Among the entries below, retype exactly the lines starting with the one with "[세이프티퍼스트닷뉴스] 법무법인(유) 율촌과" and going on through the one with "Then when the", but not the pictures.

→ **The data**:

========================================================================

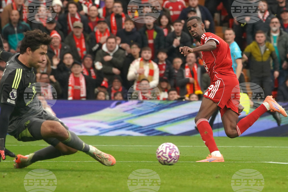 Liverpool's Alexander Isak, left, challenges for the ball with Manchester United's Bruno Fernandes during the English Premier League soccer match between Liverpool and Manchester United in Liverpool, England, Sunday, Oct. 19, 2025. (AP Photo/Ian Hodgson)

========================================================================

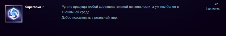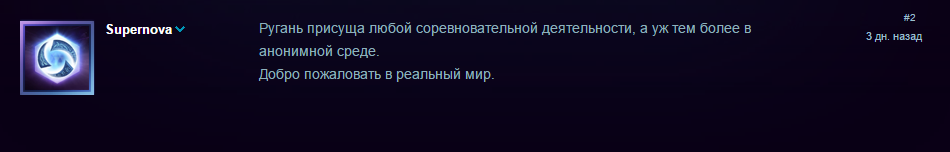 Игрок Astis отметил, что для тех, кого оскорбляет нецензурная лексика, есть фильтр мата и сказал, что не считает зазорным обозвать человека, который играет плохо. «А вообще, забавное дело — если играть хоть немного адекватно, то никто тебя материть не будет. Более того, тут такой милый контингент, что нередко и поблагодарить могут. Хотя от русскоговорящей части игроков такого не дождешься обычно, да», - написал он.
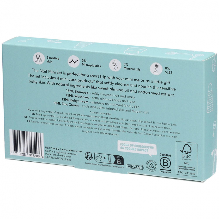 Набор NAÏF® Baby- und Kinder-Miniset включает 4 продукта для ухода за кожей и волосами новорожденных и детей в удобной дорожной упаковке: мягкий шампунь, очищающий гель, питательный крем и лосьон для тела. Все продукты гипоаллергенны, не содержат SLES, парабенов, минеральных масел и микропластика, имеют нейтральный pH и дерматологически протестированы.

========================================================================

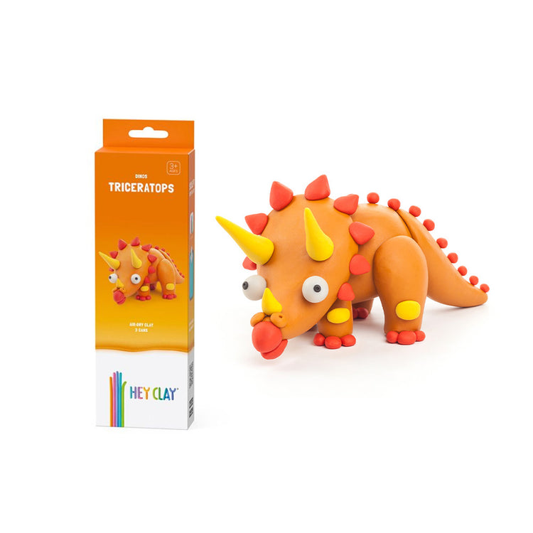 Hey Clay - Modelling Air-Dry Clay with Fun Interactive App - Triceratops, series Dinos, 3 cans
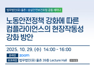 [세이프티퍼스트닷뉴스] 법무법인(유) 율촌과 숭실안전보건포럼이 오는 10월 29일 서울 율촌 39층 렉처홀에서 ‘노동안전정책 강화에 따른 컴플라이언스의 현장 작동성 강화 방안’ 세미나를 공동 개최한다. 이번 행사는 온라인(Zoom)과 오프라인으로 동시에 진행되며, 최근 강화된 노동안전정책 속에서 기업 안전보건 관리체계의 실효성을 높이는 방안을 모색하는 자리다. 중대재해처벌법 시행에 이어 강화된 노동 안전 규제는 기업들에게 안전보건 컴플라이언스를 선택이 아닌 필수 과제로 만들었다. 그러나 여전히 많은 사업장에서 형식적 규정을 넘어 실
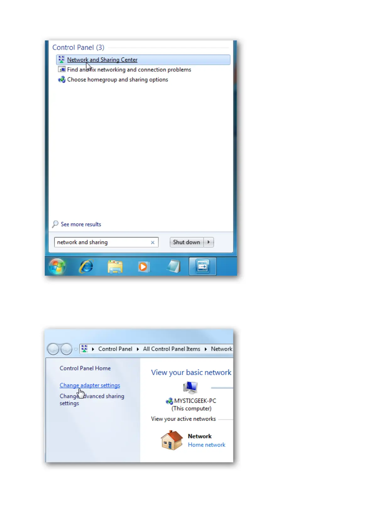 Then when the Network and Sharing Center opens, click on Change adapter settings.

========================================================================

→ **Reply**:
 [세이프티퍼스트닷뉴스] 법무법인(유) 율촌과 숭실안전보건포럼이 오는 10월 29일 서울 율촌 39층 렉처홀에서 ‘노동안전정책 강화에 따른 컴플라이언스의 현장 작동성 강화 방안’ 세미나를 공동 개최한다. 이번 행사는 온라인(Zoom)과 오프라인으로 동시에 진행되며, 최근 강화된 노동안전정책 속에서 기업 안전보건 관리체계의 실효성을 높이는 방안을 모색하는 자리다. 중대재해처벌법 시행에 이어 강화된 노동 안전 규제는 기업들에게 안전보건 컴플라이언스를 선택이 아닌 필수 과제로 만들었다. 그러나 여전히 많은 사업장에서 형식적 규정을 넘어 실
 Then when the Network and Sharing Center opens, click on Change adapter settings.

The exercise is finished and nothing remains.